News Release

Public health experts celebrate 30 years of CDC's prevention research solutions for communities with health disparities

Special supplement to the American Journal of Preventive Medicine highlights how applied public health research has been translated into policy and practice

Peer-Reviewed Publication

Elsevier Health Sciences

PRC Program: 30 Years of Building Healthier Communities

image: This is an overview of the Prevention Research Centers Program and its contributions to public health and education. Credit: Prevention Research Centers Program, Centers for Disease Control and Prevention. view more 

Credit: Prevention Research Centers Program, Centers for Disease Control and Prevention

Ann Arbor, MI, Feb. 16, 2017 - It has been 30 years since the Centers for Disease Control and Prevention (CDC) envisioned the creation of a bridge between academic public health research and public health practice.
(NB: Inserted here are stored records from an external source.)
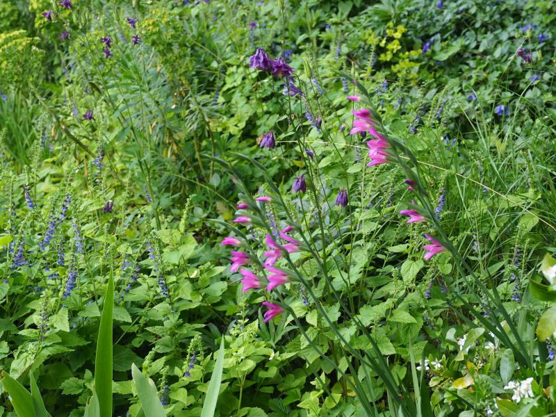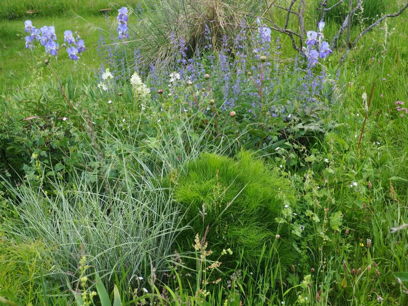 Schwertlilien, Haarstrang und Morninglight, dazwischen Camasiia leichtlinii Alba.
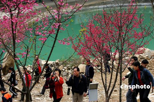 一月三十一日,台湾樱花绽放在福州国家森林公园樱花园,与新建成的水体景观碧绿湖水相映衬,吸引许多游客前来在观赏樱花、拍照留影。中新社发 杨婀娜 摄
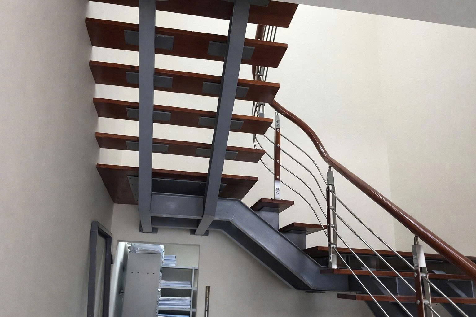 Không chỉ đẹp, cầu thang hình xương cá còn gây ấn tượng nhờ khả năng tối ưu không gian vượt trội. Nhờ thiết kế gọn, phần dưới cầu thang có thể tận dụng làm tủ chứa đồ, giá sách hoặc khu trang trí giúp tăng chức năng sử dụng. Đặc biệt trong nhà phố có chiều ngang nhỏ, việc áp dụng mẫu cầu thang này giúp kiến trúc tổng thể thông thoáng hơn rất nhiều. Bên cạnh đó, độ bền cao của loại cầu thang này cũng là lý do nhiều gia chủ lựa chọn. Khung thép và hệ đỡ chắc chắn giúp thang chịu lực tốt, đảm bảo an toàn khi sử dụng lâu dài. Ngay cả những công trình yêu cầu độ chính xác cao, cầu thang hình xương cá vẫn đáp ứng tốt nhờ cấu trúc được tính toán hợp lý.
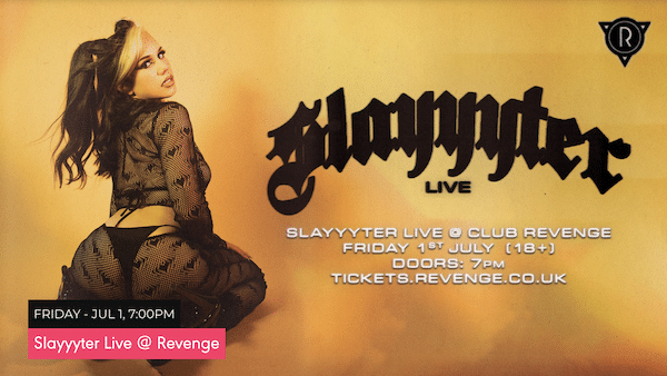 Oh and Slayyyter will be performing all of her biggest hits such as Mine, Daddy AF, Hello Kitty & more at Club Revenge in Brighton on Friday, July 1 – woop! See you there bitches. For tickets, CLICK HERE
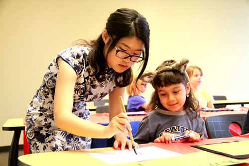 为了筹办这次的文化夏令营,交流团的成员在出发前精心准备了五彩缤纷的手工艺品、小巧精致的故事漫画、中国特色的武术表演和惟妙惟肖的幻灯制片等。夏令营期间,同学们向美国小朋友传授了太极拳,化繁就简,寓教于乐,将太极招式中的动作描述成“push the candy”—推糖果、“pat the dog”--抚摸小狗,让美国小朋友在轻松愉快的氛围中感受中医文化的神奇魅力。交流团还向他们传授了跌宕遒丽的中国书法、细腻生动的剪纸工艺以及精美的龙头面具制作技术。
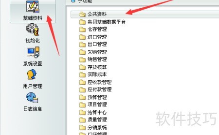 3、 进入系统设置,依次选择基础资料和公共资料。
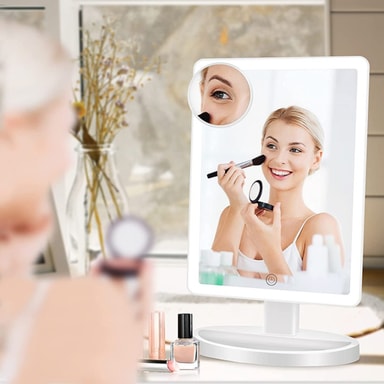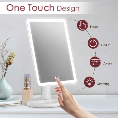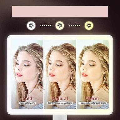 Justerbar belysning: Med tre-färgs touch-dimning låter denna LED-sminkspegel dig anpassa belysningen för att perfekt matcha din miljö och önskade utseende. Oavsett om du behöver starkt, naturligt dagsljus för exakt sminkapplikation, ett mjukt varmt sken för kvällslooks eller en sval ton för att kontrollera din hy, har denna spegel dig täckt. Justera enkelt ljusstyrkan och färgtemperaturen med en enkel beröring, vilket säkerställer optimal belysning för felfria resultat varje gång. Lämplig för olika hudtoner och sminkstilar, den justerbara belysningen minimerar skuggor och förbättrar klarheten.
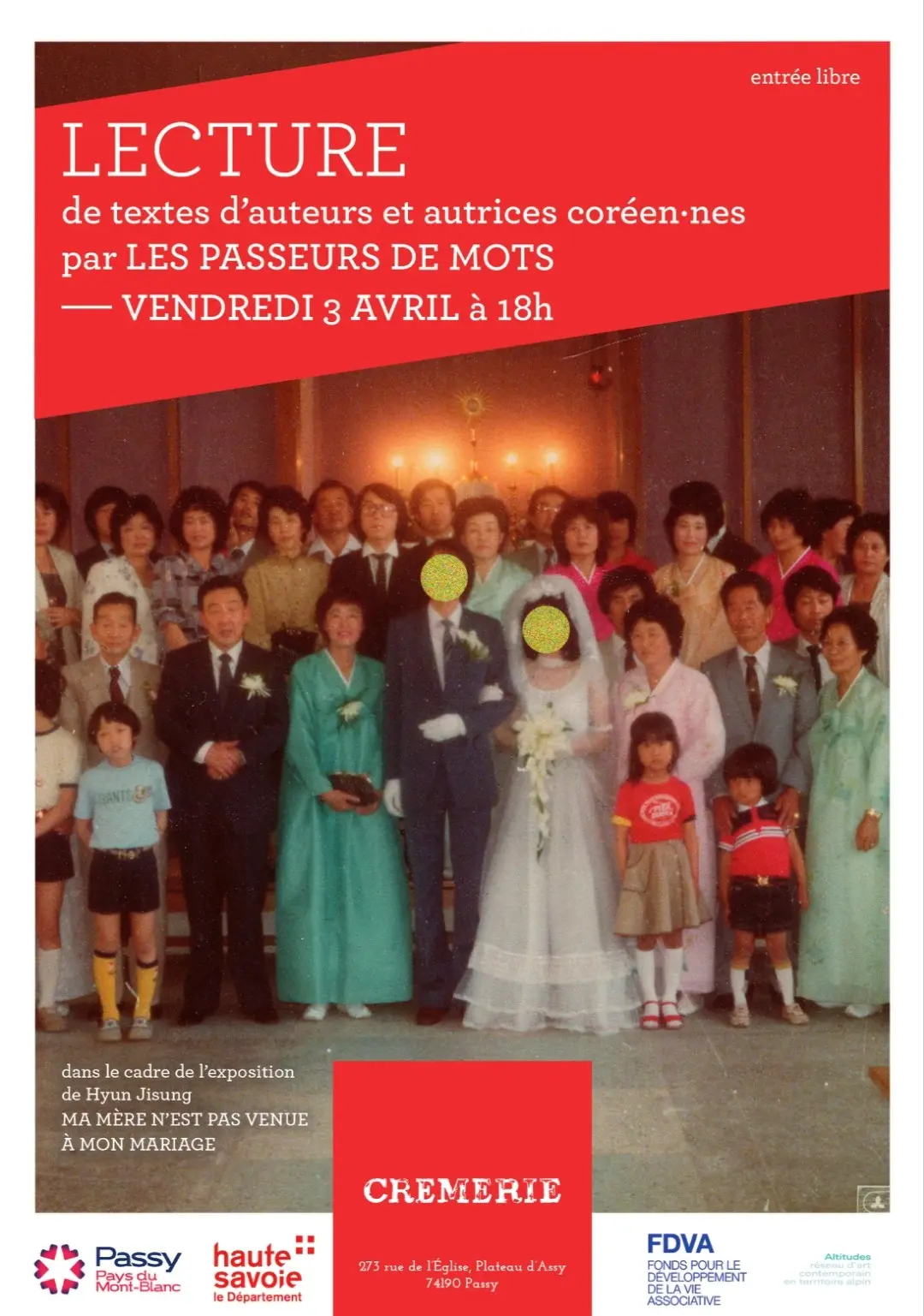 As part of the exhibition by Hyun Jisung, an artist from South Korea, Les Lecteurs de Mots will be at the crèmerie for a reading by Korean authors.
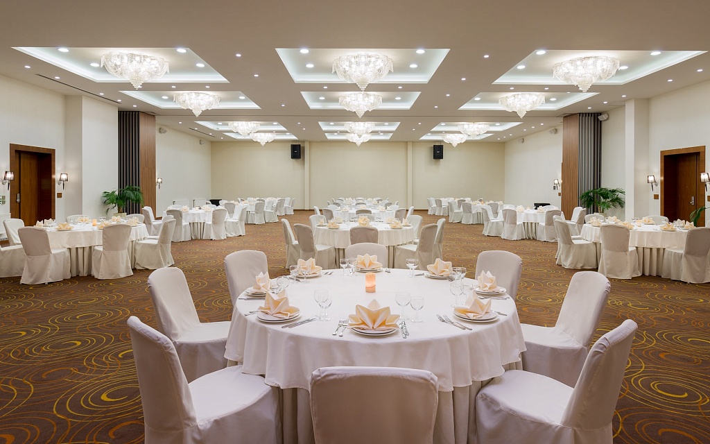 Отель предлагает конференц-залы с панорамными окнами и видом на Химкинский лес или залы с высокими четырехметровыми потолками украшенными хрустальными люстрами.
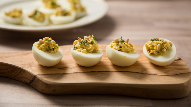 These deviled eggs are inspired by their ancient roots, drawing on Mediterranean flavors like mint and pine nuts to add a twist to a classic party food.
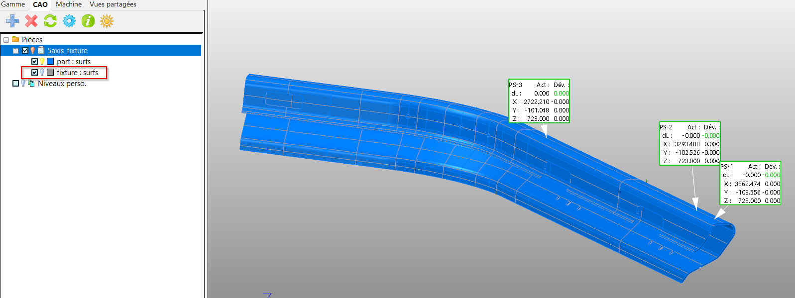L’affichage des niveaux est utile par exemple pour ajouter une image dans le rapport de contrôle et que l’on ne veut pas afficher certaines parties du modèle, comme le bridage par exemple.
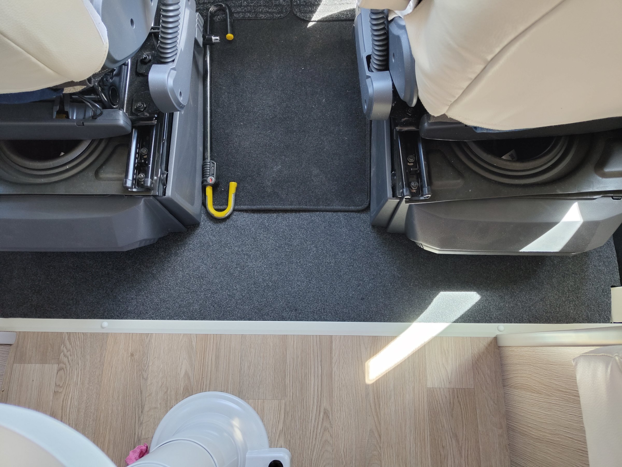 mich hat die Stufe zwischen Fahrerhaus und Wohnbereich von Anfang an gestört. Abhilfe bringt eine XPS-Platte in 4cm Stärke. Mit einem scharfen Messer in Form schneiden, mit einem Bandschleifer die Dicke anpassen und dann noch Nadelfilz aufkleben.

The result is the Prevention Research Centers (PRC) Program, currently a network of 26 academic institutions across the U.S. dedicated to moving new discoveries into the communities that need them. Marking this milestone, key members of the PRC Network community share their insights and commentaries to provide an insiders' perspective on the past, present, and future of the PRC Program in a special supplement to the American Journal of Preventive Medicine.

"The 30th anniversary of the founding of the PRC Network is an appropriate time to reflect on our progress as well as look to the future. Applied prevention research with a focus on understanding health disparities and promoting health equity has never been more important than now. The PRC Network has made great strides in developing, testing, and disseminating programs and policies that have had broad and sustained impact," commented supplement Guest Editor Dr. Mehran S. Massoudi, former PRC Director and currently the Regional Health Administrator, Region VI, Department of Health and Human Services (DHHS).
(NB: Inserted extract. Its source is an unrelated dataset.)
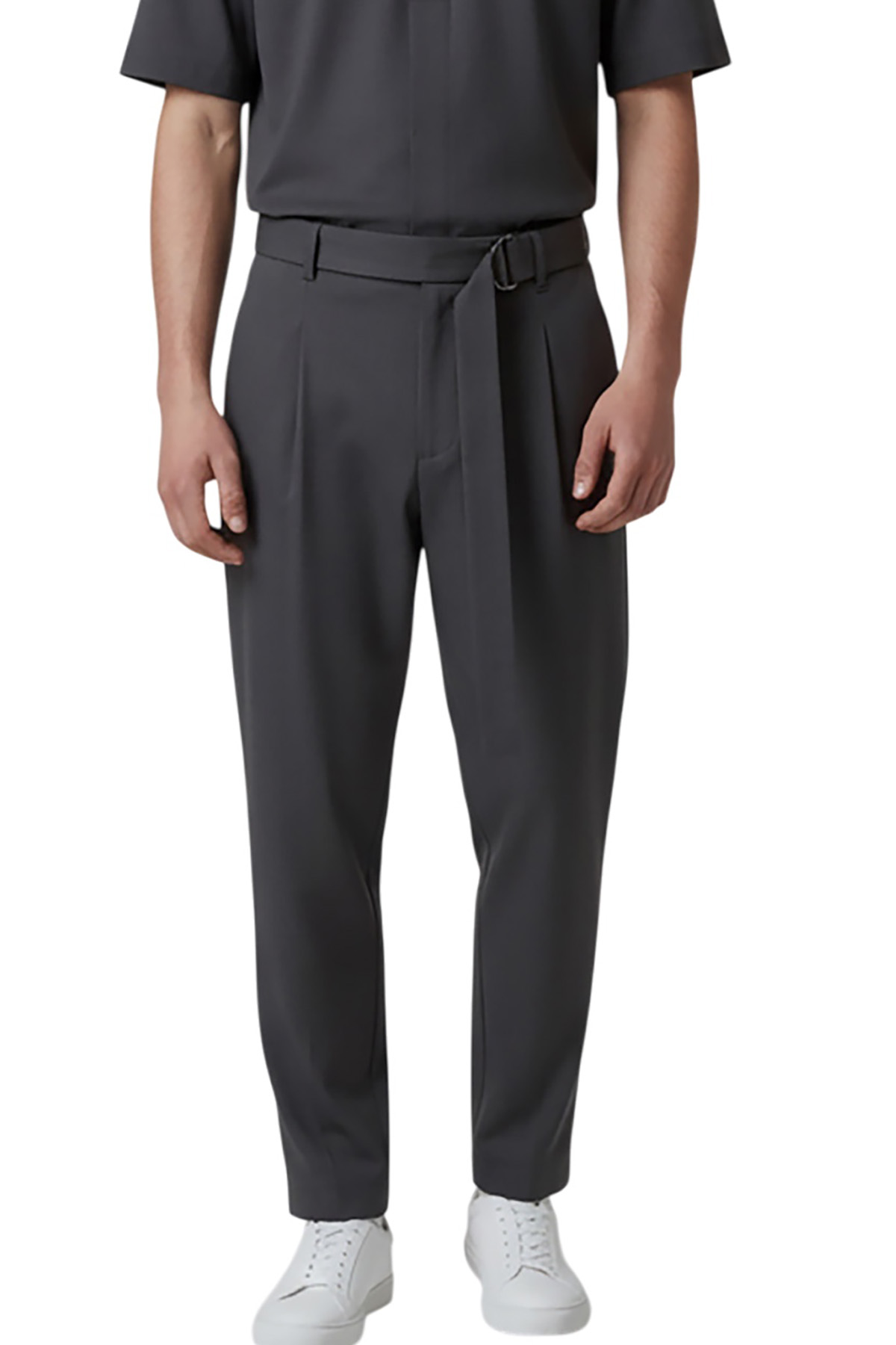 -Παντελόνι μονόπιετο με ζώνη από το ίδιο ύφασμα

PRC Program leaders provide a historical look, current assessment, and perspective for the future of the program. The contributions represent continuing efforts to promote health by conducting cutting-edge research and translating research to practice in partnership with communities.

Dr. James S. Marks, former CDC's National Center for Chronic Disease Prevention and Health Promotion (NCCDPHP) Director, and Dr. Jeffrey P. Koplan, former NCCDPHP and CDC Director, review the early years of the PRCs and offer perspectives into the future. They examine the early struggles that led to missed opportunities and how the original goal of PRCs, namely, practical research in challenged communities as a core part of the academic enterprise of scholarship, service, and training, has been accomplished. They observed that "the bridge the PRCs have helped to build between public health academia and practice is broad, heavily traveled, and has brought longer, healthier, more fulfilling lives to all."

Four former PRC directors look back on some unique challenges faced by the PRC Program and how they ultimately successfully addressed them. Eduardo J. Simoes, MD, MSc, MPH, Director from 2002 until 2011, noted, "Along the way and every day, this partnership of government, academia, and community traveled a bumpy road with improved pavement provided by dedicated federal public health officials motivated by knowledge and a strong sense of duty."

Leaders from the Association of State and Territorial Health Officials and National Association of County and City Health Officials provide a frame from the practice-based perspective on how the PRC Program serves as a resource to state and local public health departments as they fulfill their public health mission.

Association of Schools and Programs of Public Health and American College of Preventive Medicine representatives provide a perspective of the PRC Program as an integral portfolio of the Schools of Public Health and Medicine to advance population health. The PRCs are pushing academic research to pay more attention to on-the-ground prevention efforts, state and local health departments that benefit from closer ties to the research institutions, and the public, which gains an evidence-based platform for health promotion and disease prevention.

The supplement documents the story of how PRC Programs have impacted the health of African Americans, Hispanics/Latinos, Native Americans, deaf populations, adolescents, older adults, and urban and rural under-resourced populations. Other articles deal with measuring the impact of a national media intervention implemented across the PRC Network, evaluating healthy food incentive programs, assessing fall risk prevention programs, and promoting teen contraception through parental intervention.

Twenty-one peer-reviewed original research articles from the PRC academic and community partners show the depth and scope of their work. These articles cover a wide range of important topics including dissemination and implementation of long-standing evidence-based programs, including formation of thematic research networks in physical activity, healthy aging, cancer prevention and control, and epilepsy management; health surveillance of the deaf community; research to practice in state and local public health settings; collaboration with community partners; use of community health workers or "promotoras;" and training of the public health workforce.

Reaching out to the public health community, Dr. Massoudi noted, "In looking to the future, we must build on the work of the past 30 years, incorporating new knowledge and technology while remaining committed to our mission of working as an interdependent network of community, academic, and public health partners to conduct prevention research and promote the wide use of practices proven to promote good health."